Understanding endothelial glycocalyx function under flow shear stress from a molecular perspective.

Abstract

The endothelial glycocalyx plays a pivotal role in regulating blood flow, filtering blood components, sensing and transducing mechanical signals. These functions are intimately related to its dynamics at the molecular level. The objective of this research is to establish the relationship between the functions of the endothelial glycocalyx and its dynamics at the molecular level. To establish such a relationship, large-scale molecular dynamics simulations were undertaken to mimic the dynamics of the glycocalyx and its components in the presence of flow shear stresses. First, motions of the glycocalyx core protein and the pertinent subdomains were scrutinised.
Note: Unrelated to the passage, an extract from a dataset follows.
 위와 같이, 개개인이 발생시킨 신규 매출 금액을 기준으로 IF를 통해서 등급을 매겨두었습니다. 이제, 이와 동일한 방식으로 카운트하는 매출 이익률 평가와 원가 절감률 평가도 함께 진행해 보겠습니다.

Three-directional movements of the glycocalyx core protein were observed, although the flow was imposed only in the x direction. Such an observation contributes to understanding the glycocalyx redistribution as reported in experiments. Unsynchronised motion of the core protein subdomains was also spotted, which provides an alternative explanation of macroscopic phenomena. Moreover, the dynamics, root-mean-square-deviations and conformational changes of the sugar chains were investigated. Based on the findings, an alternative force transmission pathway, the role of sugar chains, and potential influence on signalling transduction pathways were proposed and discussed. This study relates the functions of the glycocalyx with its microscopic dynamics, which fills a knowledge gap about the links between different scales.